The Federal Reserve hiked interest rates by 75 basis points for the third straight meeting after inflation numbers came in hotter than expected for August. The federal funds rate boost is in line with Wall Street’s expectations as Chair Jerome Powell has promised to keep forging ahead until they are “very confident” inflation is coming down closer to the 2% target.

This brings the benchmark rate to 3%-3.25%, the highest it has been since 2008. It is the fifth rate hike this year, the most aggressive campaign by the Fed since the 1980s, which is the last time inflation was this high. The consumer price index increased at an annual rate of 8.3% in August, down from June’s 9.1% peak but above the 8.1% expected.

While energy and used cars have seen price declines the last two months, other consumer categories seem little deterred by rate hikes so far despite a growing crunch in the economy. The unemployment rate went up to 3.7% in August after matching a 50-year low of 3.5% in July, the first signs of a labor slowdown. The Fed on Wednesday updated its unemployment projections, forecasting unemployment will reach 4.4% by 2023, up from the 3.9% projected in June.

The stock market has also continued to see wild swings of worry, the S&P 500 was down 19% on the year before the Fed’s announcement Wednesday, while the Dow Jones Industrial Average was down more than 15.6% in 2022.

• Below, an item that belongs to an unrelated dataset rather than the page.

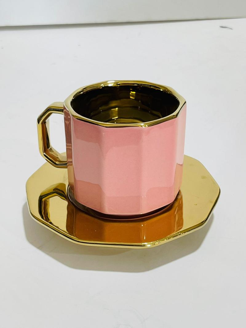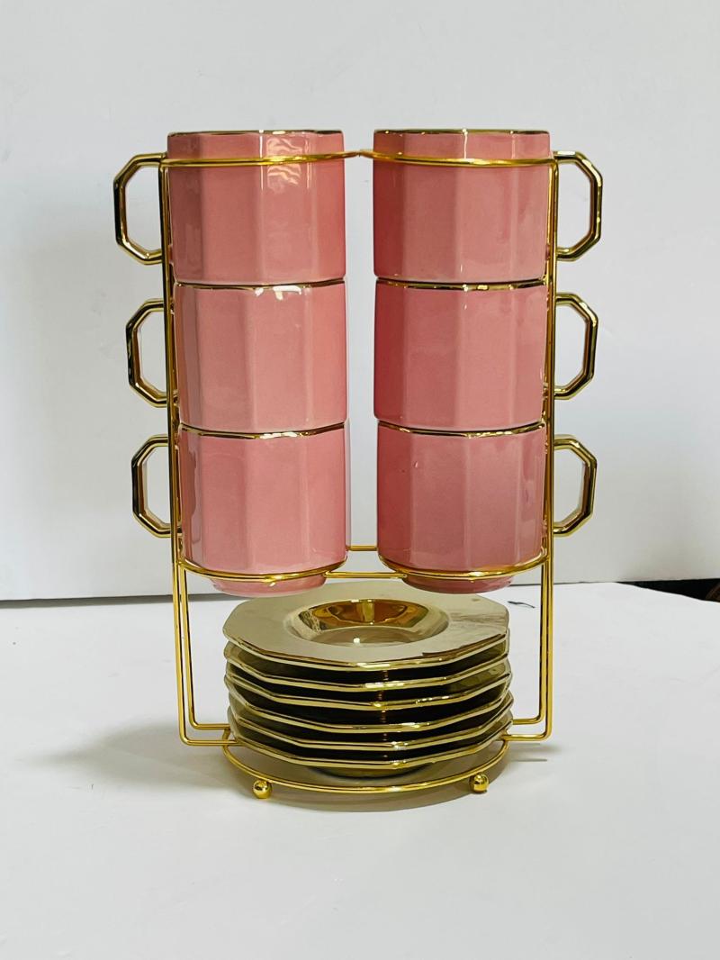 طقم كافيه زهري وابيض كبير ستاند 12 قطعه CYT100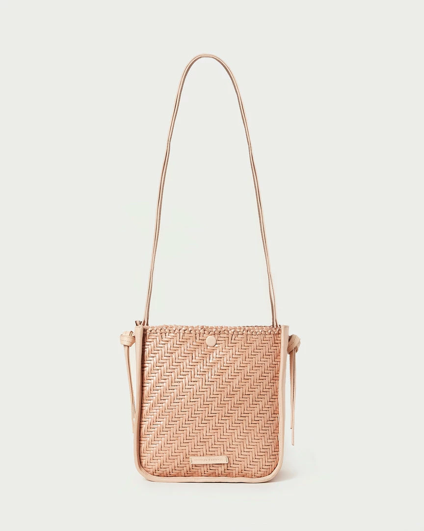Turned out crossbody tote in natural light beige woven leather. Features a crossbody strap, snap closure, full lining, and a large interior slip pocket.

Homebuyers and other borrowers are also seeing a significant hit. The average 30-year fixed mortgage rate jumped to 6.25% last week, the highest since October 2008, according to Mortgage Bankers Association data released Wednesday. Home loans and credit cards are among rates impacted by Fed hikes.

The Fed also projects real GDP will now grow just 0.2% in 2022, down from their previous forecast of 1.7%. The U.S. has so far seen two consecutive quarters of negative GDP growth to kick off 2022, prompting worries of an economic recession.